I nod gratefully. I know Nan is right. The only times I have gone wrong in my life are when I have not followed my instincts.

‘There is something else, too, that is really bothering me. I am so in love with him I can’t imagine my life without him, but I don’t know whether he really cares about me, or if it’s just sex for him.’

Nan’s eyes flash. ‘A man can find sex anywhere.’

‘Yes, but not the kind of sex we have. We can’t keep our hands off each other.’

‘Intimacy is the flesh clearing the path for hearts and souls,’ she says primly.

‘What happens if the lust goes and there is no love?’

‘Wait here,’ Nan commands, and goes into the hallway. I hear her enter her bedroom and open her armoire. She comes back with a small box. Seashells have been crudely stuck all around it. She puts it on the table in front of me, sits down and looks at me.

‘Go on, open it,’ she invites.

I do and it is full of an assortment of small, worthless objects

, a yellow button, a bit of shiny foil, a bright orange earring, a screw… I raise my eyes back to her. ‘What are all these things?’

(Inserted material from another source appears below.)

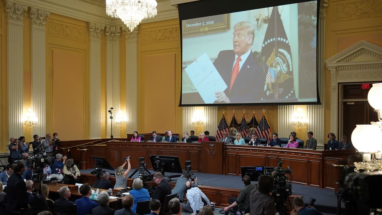 Este lunes es la segunda audiencia pública del comité que investiga el asalto al Capitolio. El esperado testimonio del exjefe de campaña de Trump, Bill Stepien, fue cancelado a última hora por una emergencia familiar, aunque estuvo representado por sus abogados. El grupo se enfoca en la evidencia que dice tener para que se considere una acusación criminal contra el expresidente Donald Trump.
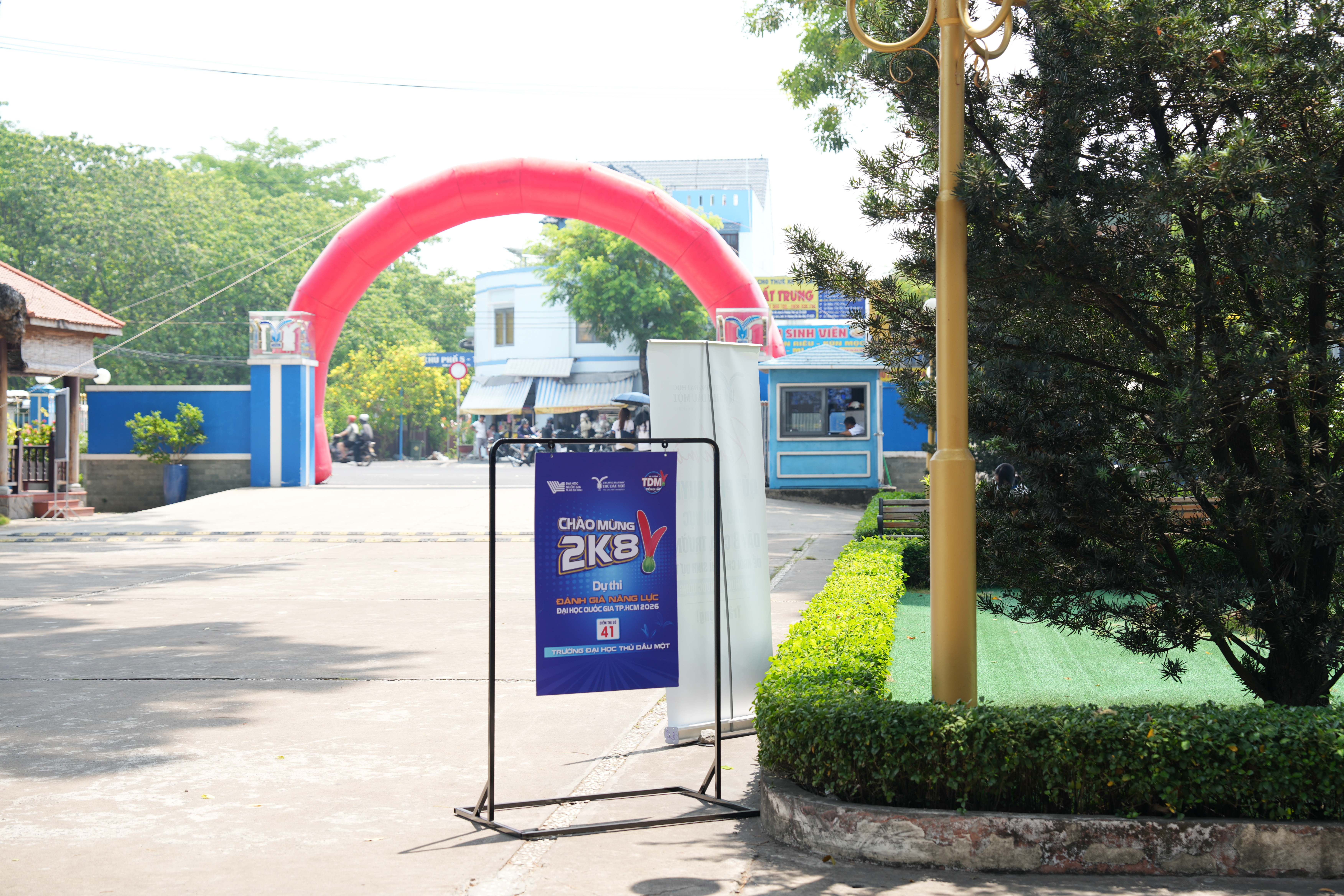 Một điểm nổi bật trong công tác tổ chức năm nay là sự chủ động trong hỗ trợ thí sinh và phụ huynh. Ngay từ chiều ngày 04/4/2026, nhà trường đã triển khai các hoạt động đón tiếp, hướng dẫn sơ đồ phòng thi, cung cấp thông tin cần thiết. Đội hình sinh viên tình nguyện “Tiếp sức mùa thi” được bố trí tại nhiều vị trí trong khuôn viên trường, sẵn sàng hỗ trợ thí sinh tra cứu thông tin, hướng dẫn di chuyển, tiếp nước và giải đáp các thắc mắc. Với sự chuẩn bị toàn diện, đồng bộ và tinh thần trách nhiệm cao, Trường Đại học Thủ Dầu Một thể hiện quyết tâm cùng Đại học Quốc gia TP.HCM tổ chức thành công Kỳ thi Đánh giá năng lực năm 2026, góp phần mang đến một kỳ thi an toàn, nghiêm túc và hiệu quả cho thí sinh.

‘Don’t you remember them at all?’

I frown. Vaguely. Something…almost dream-like breaks into my memory. I pick up the orange earring. It is smooth and old. I look up at her. ‘I remember this. I know it’s mine, but I don’t remember where it came from or how it slots into my past.’

She smiles.

‘Yes, these are all yours. From the time you were about three years old until you were five you lived with Granddad and me in a rented house close to an abandoned factory. Many crows lived there. At first they would swoop down and eat the food that you accidentally dropped. But then you began to feed them, nuts, breadcrumbs, dry dog food. And they began to bring you presents. All these were brought to you by the crows. They were showing you their love.’

‘I don’t remember,’ I say with a frown.

‘It was a long time ago.’

And suddenly I have a memory, of a flock of crows on the ground beside me. They are all busy feeding. I smile at Nan full of wonder. ‘I remember them now. Why did you show me this today?’

‘Bright shiny things are given to us by people who love us.’ She looks at my rings. ‘Like those.’

‘You noticed?’

‘I’m old. I’m not blind,’ she says, and goes to take the buns out of the steamer.

I sigh. ‘Yeah, we got married. I’m afraid it’s all a huge mess.’

‘Never mind. Let’s eat now. What is this thing the British are always saying? It will all come out in the wash.’

‘Nan, why did Luke and I come to live with you?’

Nan doesn’t turn to look at me. ‘Your mother was ill at that time.’

‘She didn’t want us, did she?’

She whirls around suddenly, her face as fierce as I have ever seen it. ‘She wanted both of you, but she was ill, Lily. She was ill, the same way Luke was.’